== Problem requirements ==
The material below includes pictures; leave them out and return only the lines between the line containing "随后,招新宣讲正式拉开帷幕。" and the line containing "การอพยพจากอาคารสูง และการโรยตัวจากที่สูง ณ", inclusive, word for word.
□ □ □
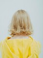 表面にレイヤーが入った前下がりボブです。カラーはブリーチを2回して黄味を抑えるためにバイオレット系カラーを薄めてオンカラーしています。
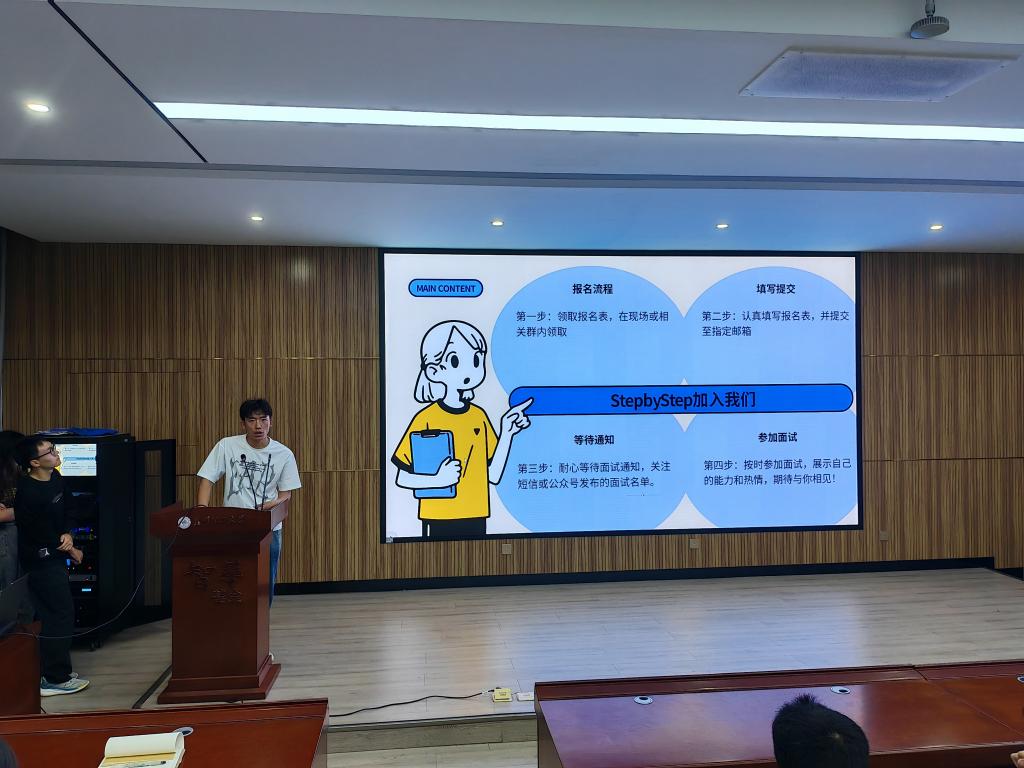 随后,招新宣讲正式拉开帷幕。团委、学生会、青年志愿者协会、飞行器爱好者协会、学生科技协会等社团代表依次上台,各展风采。为了能让新生们更清晰、全面地了解各部门职责,从而挑选出最适合自己的部门参与服务,各社团各部门都精心准备了精美的PPT。团委以图文并茂的形式展示了组织架构与思想引领成果;学生会通过动态图表呈现各部门分工与过往活动成效;青年志愿者协会用温暖的照片和感人的故事讲述公益服务的意义;飞行器爱好者协会借助模型图片与原理动画介绍专业活动;学生科技协会则以科技作品视频与研发流程展示创新魅力。新生们听得全神贯注,不时提问交流,现场气氛热烈非凡。
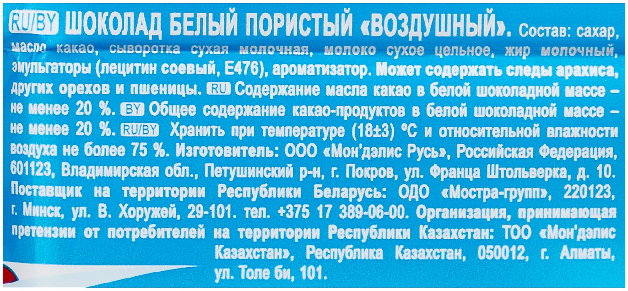 Шоколад Воздушный Белый 85г Мондэлис Русь
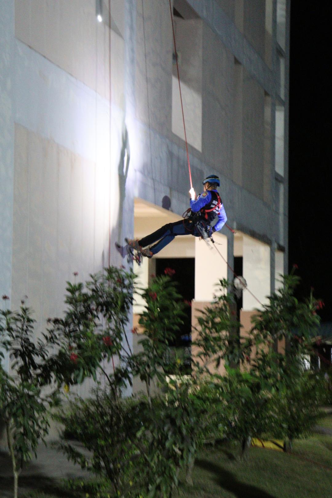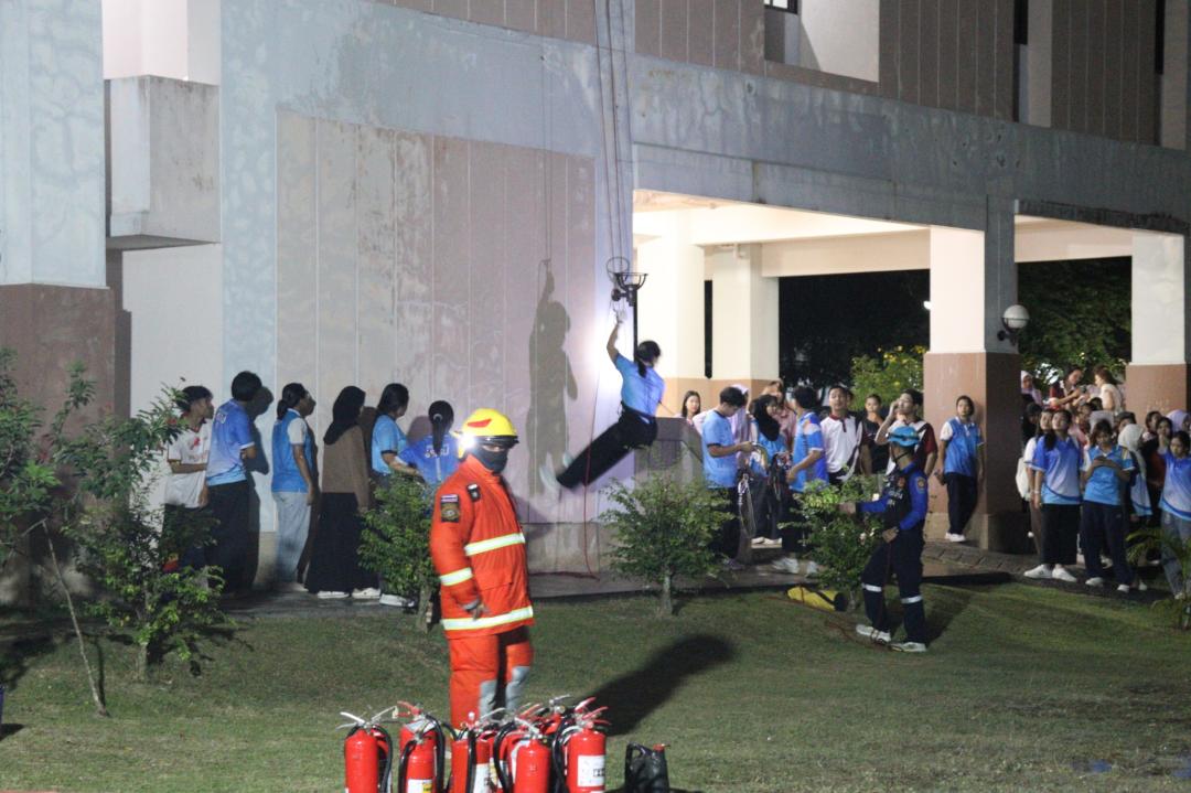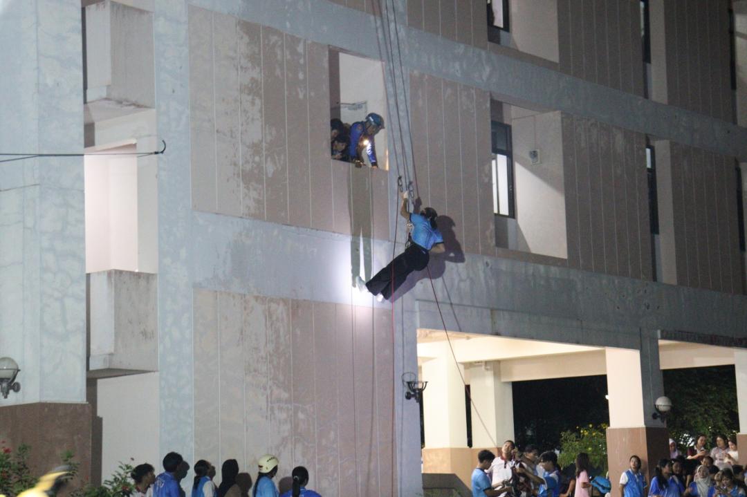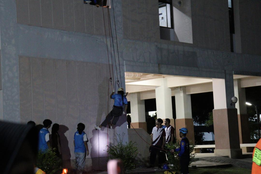 การอพยพจากอาคารสูง และการโรยตัวจากที่สูง ณ หอพักพะยอม 3 (หอพักนิสิตหญิง) โดยได้รับความร่วมมือจากทีมวิทยากรและเทศบาลตำบลบ้านพร้าว
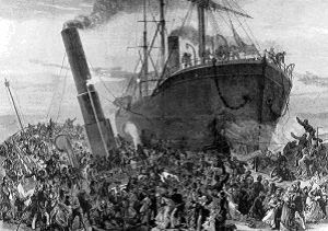 Estimates said that the two parts of the steamer sank within four minutes. Those who had booked cabins between the decks had no opportunity for escape. “Nearly everything went wrong, costing the lives of almost everyone aboard, passengers and crew alike. There were only two lifeboats on davits carried, no rafts or lifebelts and just a few life rings, insufficient even if there had been time to launch them correctly. The tide began bearing some would be survivors away from the collier and possible rescue, while Captain Harrison, seeing all the people in the river around his vessel had stopped his engines and had drawn the fires. He could push ahead for fear of injuring those nearby and was unable to turn the propeller through lack of steam and anyway, his engineers and stokers were in his lifeboats trying to rescue the drowning. The collier’s crew did all they could to save as many people as possible: they launched their own lifeboats; other hands on the forecastle threw lifebuoys, ladders, and lines to those struggling in the river below. Swimming had never been a popular pastime in Victorian London, and the long many petticoated dresses of women were an impossible impediment. Many apparently, just clung to their children and sank from sight.” (The River Thames Police Museum)
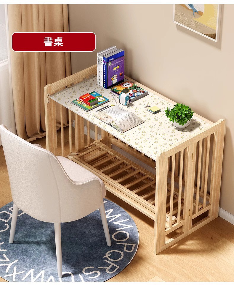 11分鐘前陪伴寶寶成長,永不閒置【嬰兒床-->遊戲床-->書桌】日本超火の可折疊嬰兒床,實木無漆更安心,可拼接大床+滑輪移動,多功能設計陪寶寶成長! - 【118*68*85cm】折疊大床+五件套+棕墊+蚊帳
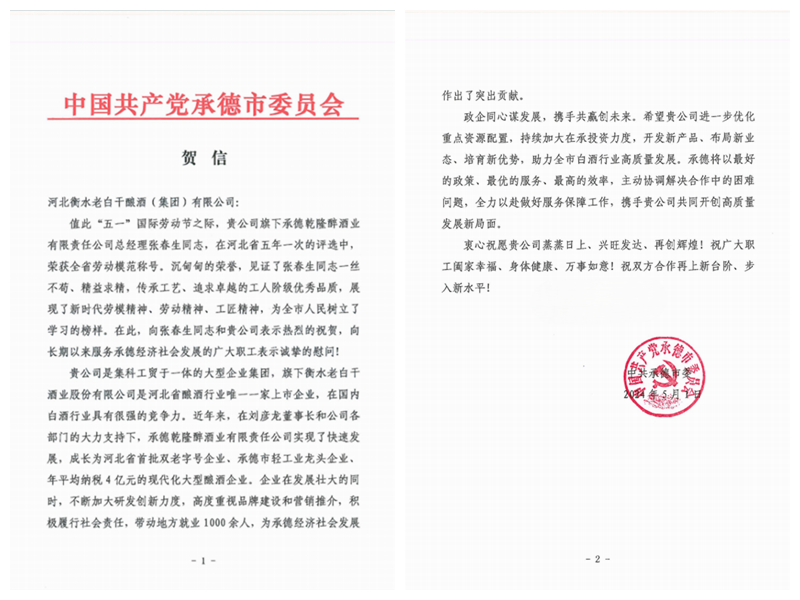 河北衡水老白干釀酒集團(tuán)收到一封來(lái)自承德市委的賀信,賀信主要內(nèi)容是對(duì)河北衡水老白干釀酒集團(tuán)子公司承德乾隆醉酒業(yè)(板城酒業(yè))黨委書(shū)記、總經(jīng)理張春生榮獲“全省勞動(dòng)模范”稱號(hào)表示祝賀。祝賀信中講到:“張春生同志一絲不茍、精益求精,傳承工藝、追求卓越的工人階級(jí)優(yōu)秀品質(zhì),展現(xiàn)了新時(shí)代勞模精神、勞動(dòng)精神、工匠精神,為全市人民樹(shù)立了榜樣,近年來(lái),企業(yè)在發(fā)展壯大的同時(shí),不斷加大研發(fā)創(chuàng)新力度,高度重視品牌建設(shè)和營(yíng)銷推介,積極履行社會(huì)責(zé)任,帶動(dòng)地方就業(yè)1000余人,為承德經(jīng)濟(jì)社會(huì)發(fā)展作出了突出貢獻(xiàn)。”張春生作為制造業(yè)(工業(yè)領(lǐng)域)的翹楚,先后獲省“三三三人才工程”人選、河北省企業(yè)家協(xié)會(huì)先進(jìn)工作者、河北省食品行業(yè)年度人物、中國(guó)商業(yè)聯(lián)合會(huì)科學(xué)技術(shù)獎(jiǎng)、全國(guó)商業(yè)科技進(jìn)步獎(jiǎng)-特等獎(jiǎng)、2020年與2022年度分別榮獲河北省優(yōu)秀民營(yíng)企業(yè)家等多項(xiàng)榮譽(yù)。
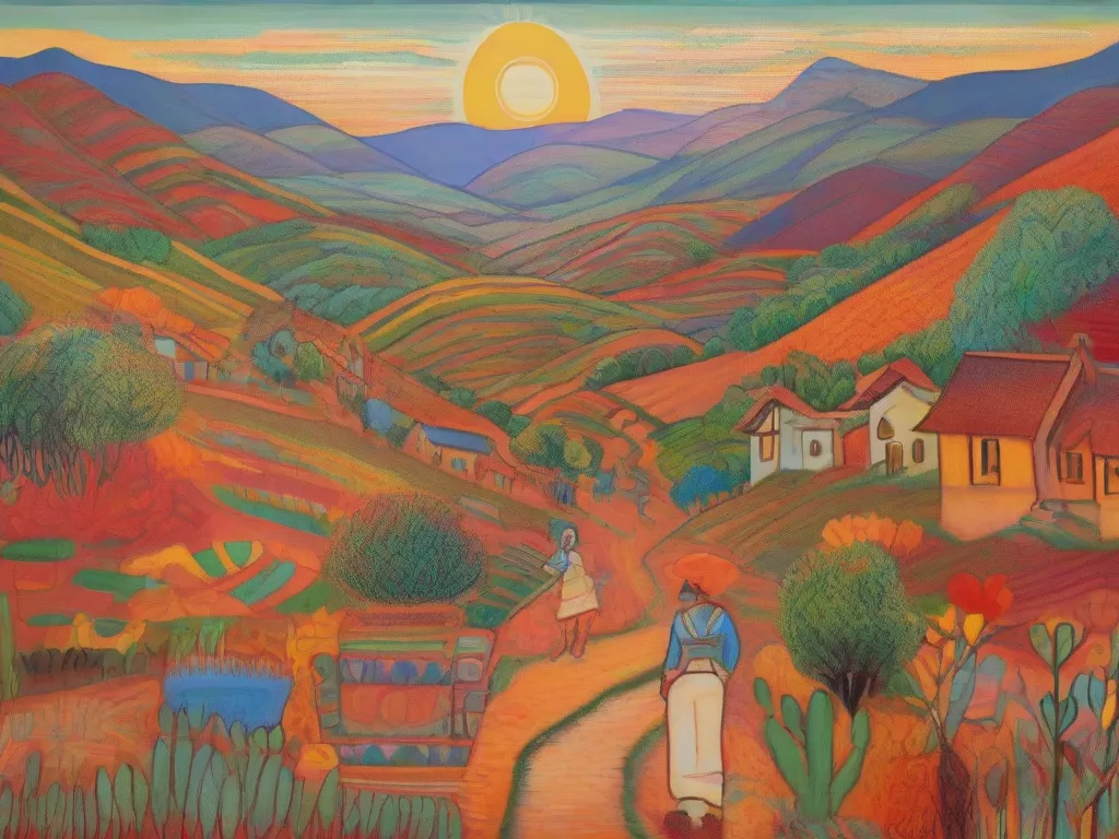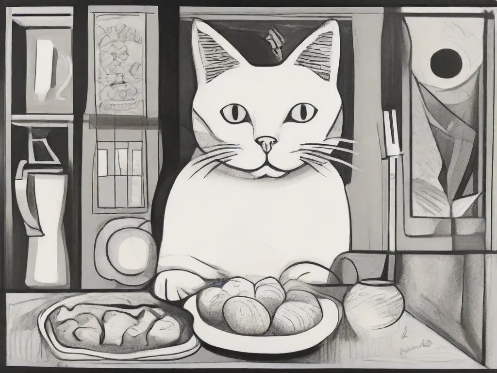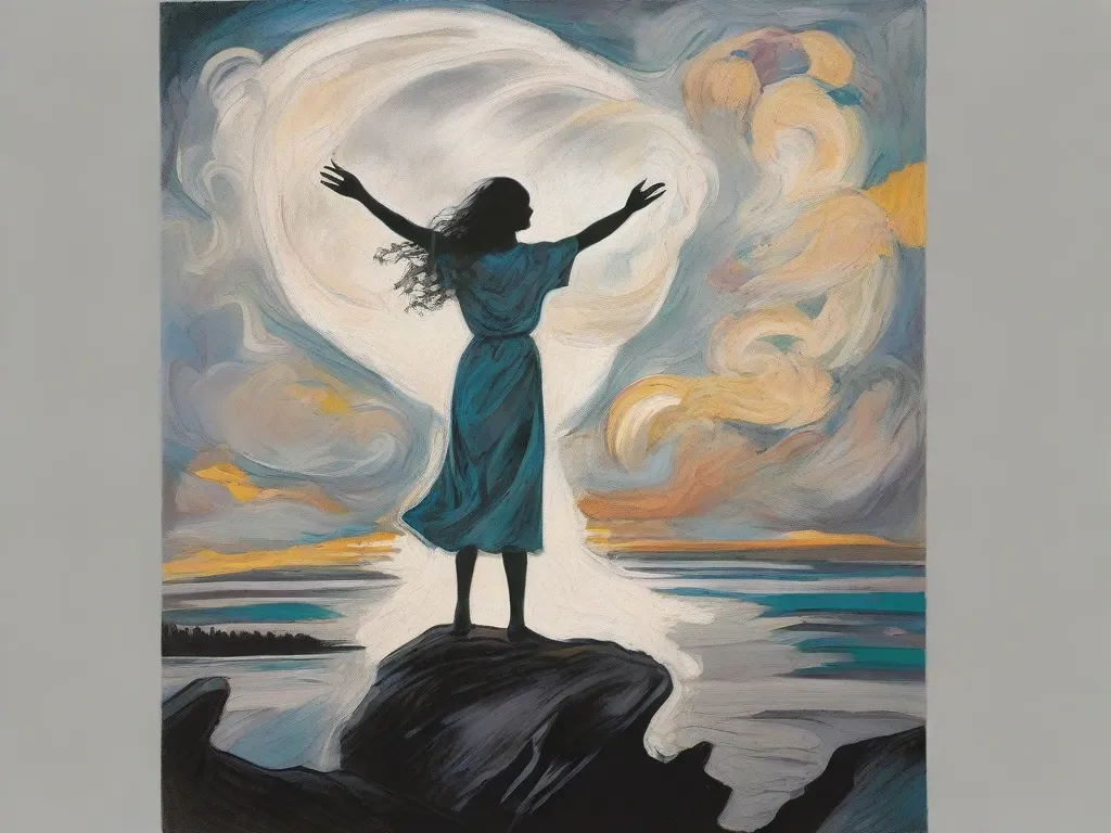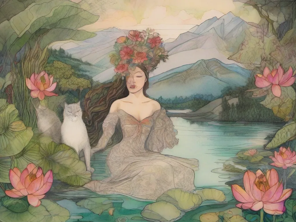 A woman with a cat head singing on the beautfiul lake coast with mountain mount Everest in the background.
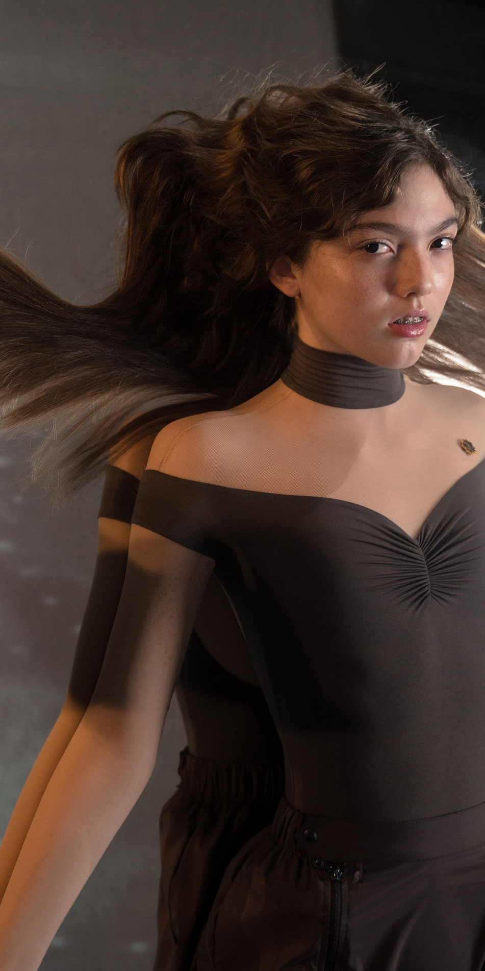 SWEETHEART – off shoulder mesh décolleté leotard with sleeves – chocolate
□ □ □
== Solution ==
 随后,招新宣讲正式拉开帷幕。团委、学生会、青年志愿者协会、飞行器爱好者协会、学生科技协会等社团代表依次上台,各展风采。为了能让新生们更清晰、全面地了解各部门职责,从而挑选出最适合自己的部门参与服务,各社团各部门都精心准备了精美的PPT。团委以图文并茂的形式展示了组织架构与思想引领成果;学生会通过动态图表呈现各部门分工与过往活动成效;青年志愿者协会用温暖的照片和感人的故事讲述公益服务的意义;飞行器爱好者协会借助模型图片与原理动画介绍专业活动;学生科技协会则以科技作品视频与研发流程展示创新魅力。新生们听得全神贯注,不时提问交流,现场气氛热烈非凡。
 Шоколад Воздушный Белый 85г Мондэлис Русь
 การอพยพจากอาคารสูง และการโรยตัวจากที่สูง ณ หอพักพะยอม 3 (หอพักนิสิตหญิง) โดยได้รับความร่วมมือจากทีมวิทยากรและเทศบาลตำบลบ้านพร้าว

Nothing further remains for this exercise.